Pendant vingt ans, entre 1950 et 1970, je n'ai vécu que de ma plume, écrivant sous mon nom ou sous des pseudonymes. Mais on ne trouvera pas seulement dans ce livre ce que j'appelle mes écrits alimentaires, portraits d'acteurs, d'écrivains, de chanteurs, de voyous, reportages aussi, mais encore des articles parus dans Les Temps modernes, France-Observateur, Le Monde, consacrés à des événements importants du siècle, des textes politiques, polémiques, quelquesfois les mêmes, tout un ensemble aussi qui s'organise autour de Shoah, des préfaces, des oraisons funèbres, des discours.

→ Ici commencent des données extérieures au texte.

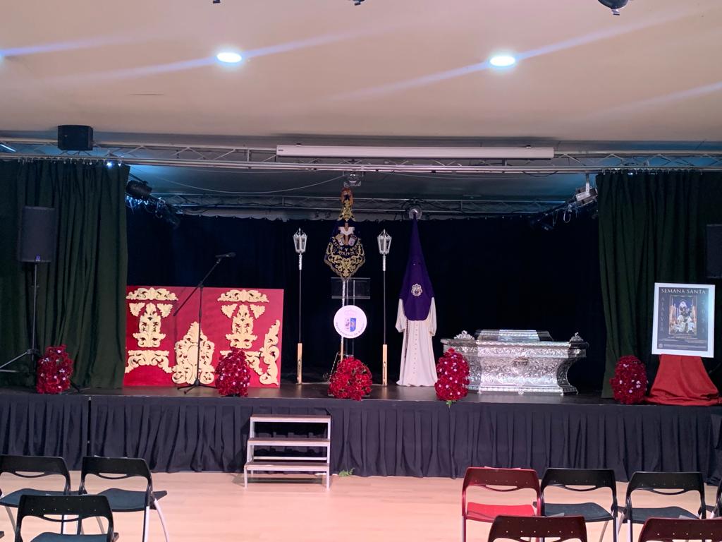 Los miembros de la Junta Directiva de la Hermandad mostraron a todos los asistentes las nuevas adquisiciones que en esos días podremos disfrutar en los diferentes pasos . Como va a ser la peana y sobre peana para Maria Santísima de la Soledad, la talla frontal que llevará el paso del misterio, los faroles, base del estandarte, así como la túnica, el antifaz, con el escudo bordado a mano y el cíngulo en color morado y plata, que lucirán los nazarenos en el cortejo.
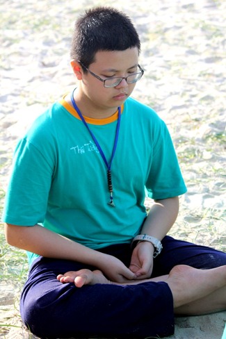 Tiếp theo, các em ngồi Thiền trên biển 30 phút. Những cái bóng nhỏ ngồi im thin thít trải dài trên bãi cát, hình ảnh ấy không gì đẹp hơn và cũng đem đến cho chúng ta sự suy nghiệm về những công năng thiết thực của thiền trong đời sống, mà nếu như ai cũng biết tu thiền thì thế giới này tốt đẹp biết bao.
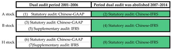The empirical analysis proceeds as follows. First, during the dual audit period (from 2001 to 2006), the earnings quality gap between foreign-invested companies and A-companies is verified. A foreign-funded company with dual audits is expected to have less earnings management than an A-valued company audited only according to Chinese-GAAP. To eliminate the influence of accounting standards, we compare Chinese-GAAP financial statements of foreign-capital stock companies (B stock and H stock) with Chinese-GAAP financial statements of A-share companies, as shown in Figure 2 ((3) and (6) compared to (1)). Second, we examine the difference in earnings quality between foreign-invested companies and A-listed companies after the elimination of the dual audit (2007–2014). If a foreign-equity enterprise receives a single audit, it is expected that there will be no difference in earnings management compared to an A-stock company (as illustrated in Figure 2, (4) and (8) compared to (2)). Finally, to exclude the effects of the characteristics of foreign-owned enterprises, we compare periods for foreign equity companies by comparing the earnings management of foreign stock companies before and after the dual audit (as illustrated in Figure 2, (3) and (6) compared to (4) and (8)).
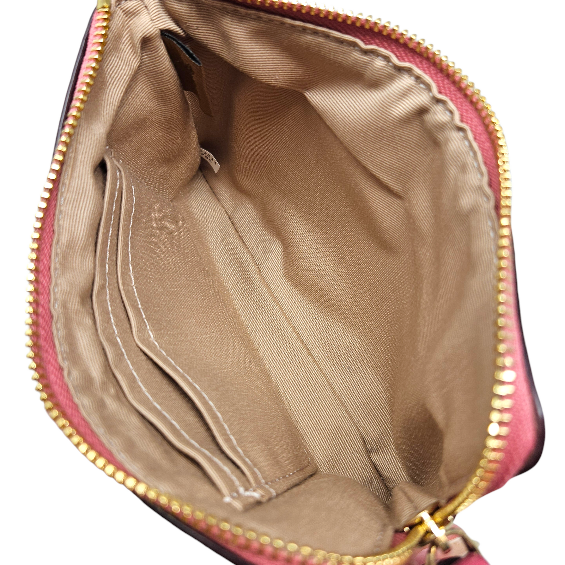 Materials: Beige signature coated canvas with pink hearts, pink leather strap, & gold-tone hadware.
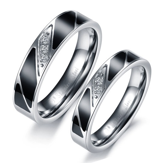 CET Domain SZ17-R087M-7 Titanium Steel Black Band Cubic Zirconia Couple Ring- Men-Size 7
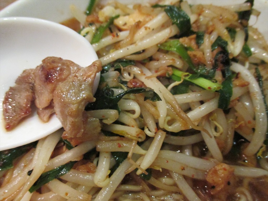具にはたっぷりのもやしとニラにちょこっとオニク。手早く炒められていてしゃっきりした食感が良かったです。ボリューミーではありますがこなれるのも早かったかな。
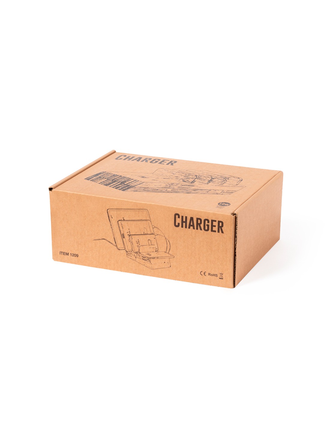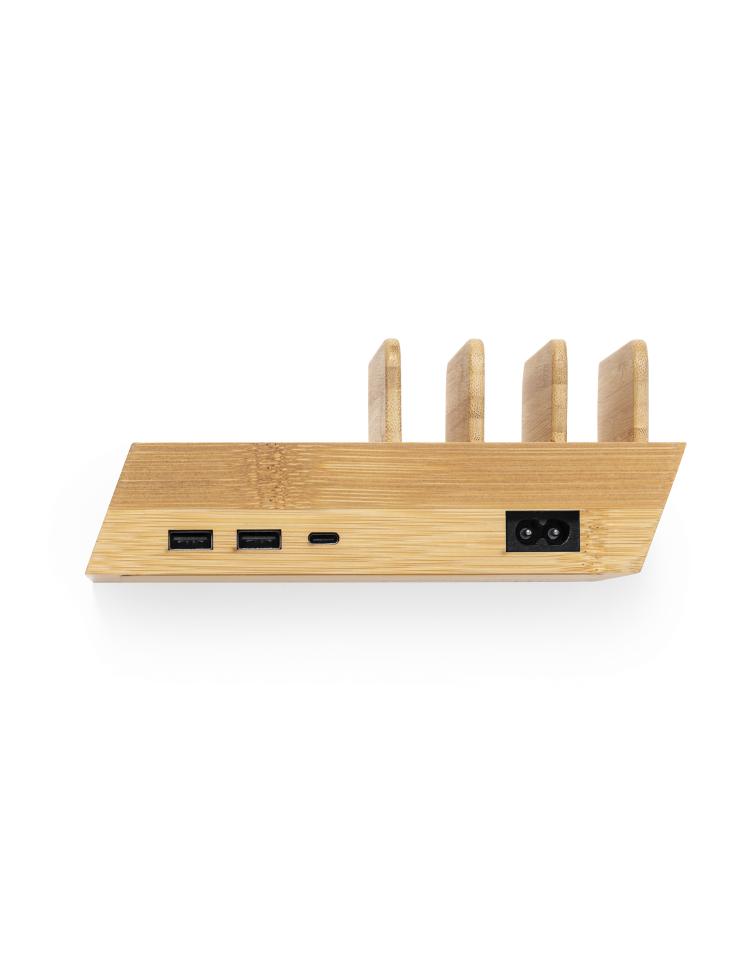 Estación de carga inalámbrica de línea nature, multidispositivo y de carga 10W, capaz de cargar simultáneamente hasta 4 dispositivos. Fabricada en bambú. Incluye 2 salidas USB y 1 salida Tipo C compatible con dispositivos equipados con tecnología de carga inalámbrica. Cable de conexión de 150 cm con clavija europea, con amplia superficie de marcaje y presentado en atractiva caja de diseño eco. Disponible manual de instrucciones en español e inglés. En cumplimiento con los requisitos de seguridad: Sistema de protección contra sobrecalentamiento.Sistema de protección contra sobrecarga.Sistema de bloqueo para evitar cortocircuitos.

En les relisant après tant d'années, je leur ai trouvé bien plus qu'un air de famille ; j'étais incapable de déceler entre les uns et les autres l'ombre d'une différence. Plus encore, entre l'écriture de ces textes et celle du Lièvre de Patagonie, la parentlèle était plus qu'évidente : c'était la même écriture. C'est alorss que j'ai pris la décision de faire paraître ce livre.
Avec La Tombe du divin plongeur, je lutte pied à pied, comme je l'ai toujours fait, contre toutes les morts. Dans ce recueil on pourra lire : "Le temps, pour moi, n'a jamais cessé de ne pas passer."» Claude Lanzmann.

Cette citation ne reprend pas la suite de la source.